Let $p \in \mathbb{S}^{n}$, then the stereogaphic projection is a diffeomorpshim $h:\mathbb{S}^{n} \setminus \{p\} \to \mathbb{R}^{n-1}$.
Suppose that $p$ is the 'north pole' ($p = (0,0,..,1)$), then $h$ is easily computable with the formula given by $[h(x)]_{i} = \frac{[x]_{i}}{1 - [x]_{n}}$, for $x \in \mathbb{S}^{n}$ and $1 \leq i \leq n-1$.
However, if $p$ is some arbitrary point, then $h$ seems somewhat more elusive. Is there a general way to express $h$ in such a case?
Obviously, one could rotate the sphere such that $p$ is at the pole. But, that doesn't seem very efficent.

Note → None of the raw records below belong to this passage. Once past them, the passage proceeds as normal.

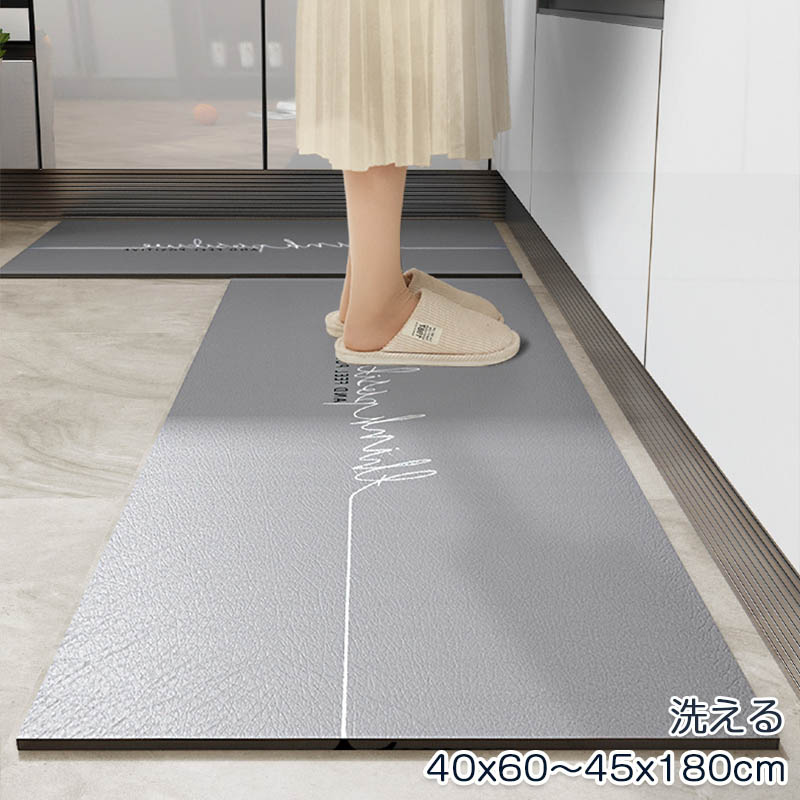 キッチンマット 180 拭ける PU革 高級感 北欧 おしゃれ 洗える 台所マット 40x60cm PU製 防水 防油 光沢 夏用 オールシーズン キッチン マット 45x18 水洗い
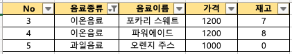 이번에도 마찬가지로 실습된 결과를 비교해보면 필터기능을 사용한 엑셀 결과와 SQL 실행 결과가 같다는 것을 보실 수 있습니다.
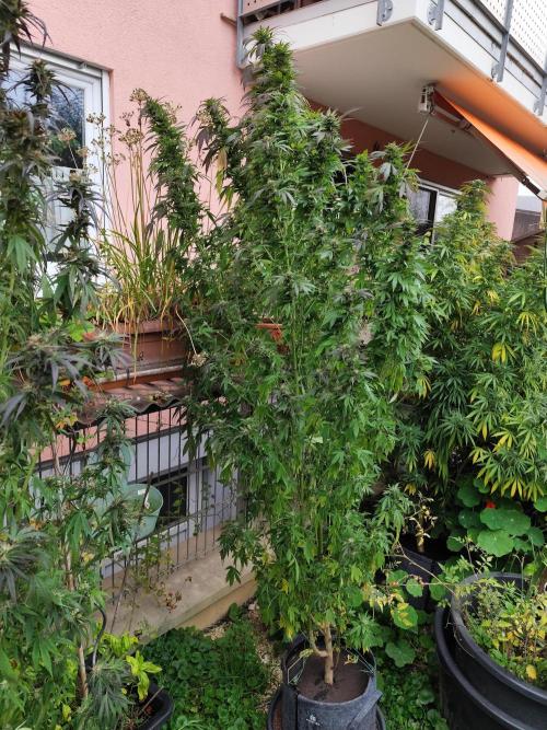 Tag 149: Wie man sieht klappt das mit dem Wegräumen wenn's regnet nicht immer. Wenigstens die ersten Sonnenstrahlen des Tages konnte ich einfangen. Mitte nächster Woche soll's besser werden. Obwohl das Trio den größten Teil der letzten Woche unterm Balkon zugebracht hatten, sind alle drei wieder gewachsen. Die Power Flower fem. misst jetzt 190 cm, die Special Kush #1 fem. 180 cm und die Royal Medic fem. 150 cm.
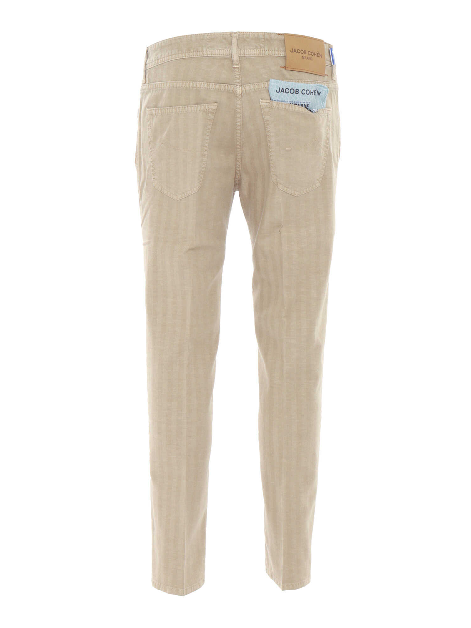 5 Pocket Slim Cropped Carrot Scott Trousers by JACOB COHEN. Beige jeans with a modern cut in a 69% cotton, 29% linen and 2% elastane blend. Comfortable and sophisticated, perfect for casual-chic looks
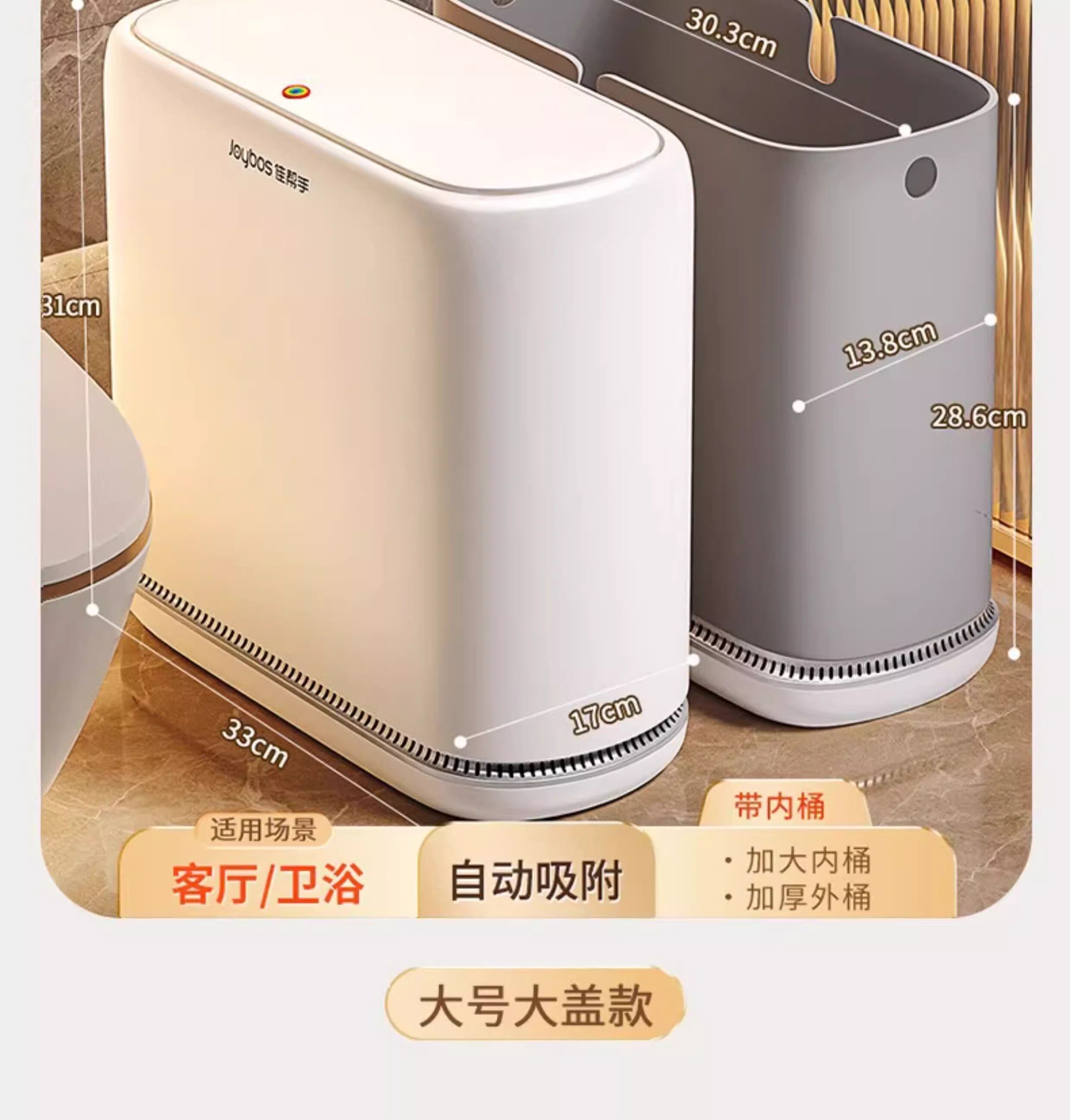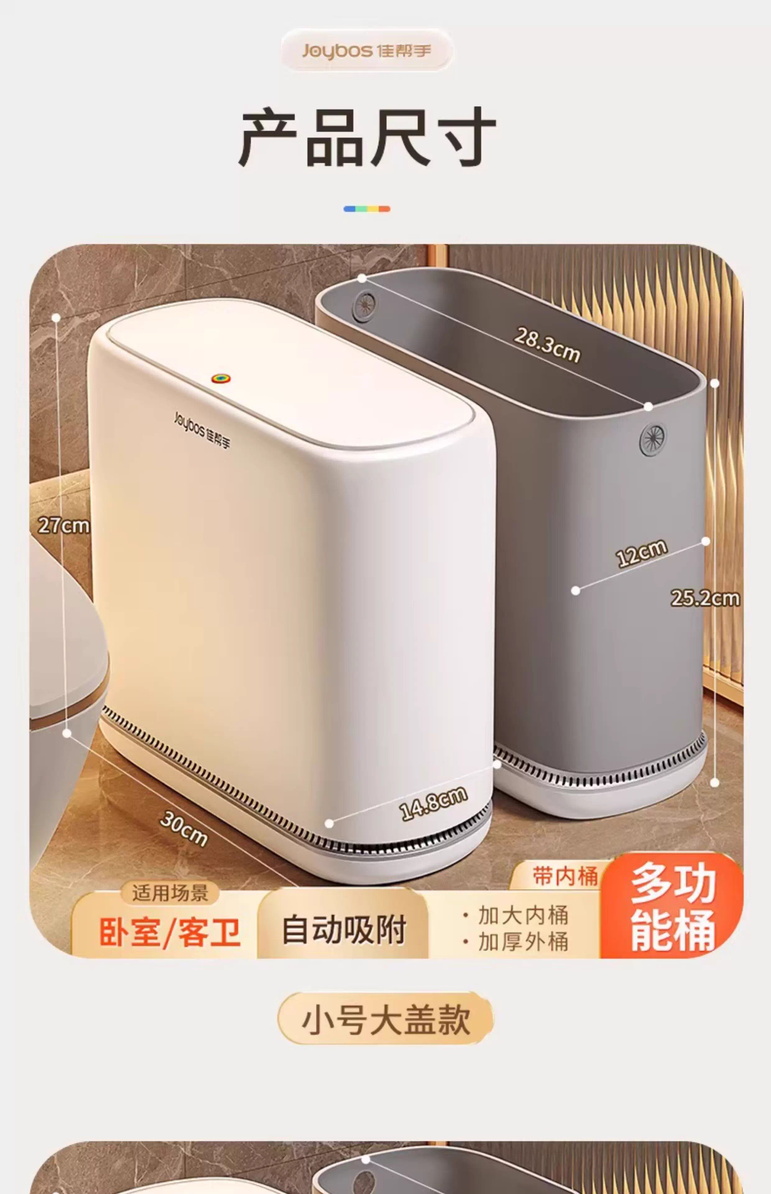 Sort by color Small large cover, automatic adsorption, 14.8cm narrow slit for storage,Recommended for the whole house, large lid with wide mouth, automatic adsorption, large capacity, no need to change the bag for 7 days,Small lid privacy bucket*1, automatic adsorption, small lid and small mouth to protect privacy, bathroom and bedroom,Small cover with legs*1, automatic adsorption, raised legs, clean bottom, bathroom and kitchen,Large cover with leg*1, automatic adsorption, heightened leg, wide mouth, easy to throw away, bathroom and living room,Small size with large cover*2, automatic adsorption, universal and convenient for the whole house,Large lid wide mouth bucket*2 automatic adsorption Large open mouth garbage can be easily thrown away,Large cover leg bucket*2, automatic adsorption, heightened legs, wide mouth, easy to throw away,300 drawstring garbage bags, enough for one year

Stereographic projection when the "North/South Pole" is not given by $(0,...,\pm 1)$? Gives an answer, but the image of the function is embedded in the hyperplane orthgonal to $p$ and not in $\mathbb{R}^{n-1}$ itself.
You could do a stereographic projection from the north pole, followed by a Möbius transformation. A Möbius transformation is determined by the images of three points. You'd want to map the image of $p$ to the point at infinity, the image of the antipode of $p$ to the origin, and any point on the equator polar to $p$ to the unit circle. All of this has the same effect as performing the rotation in space, but depending on your background you might consider it easier.
If you don't care for changes due to translations or scaling, then it would be enough to map the image of $p$ whcih I'll call $p'$ to the point at infinity, e.g. using $z\mapsto\frac1{z-p'}$.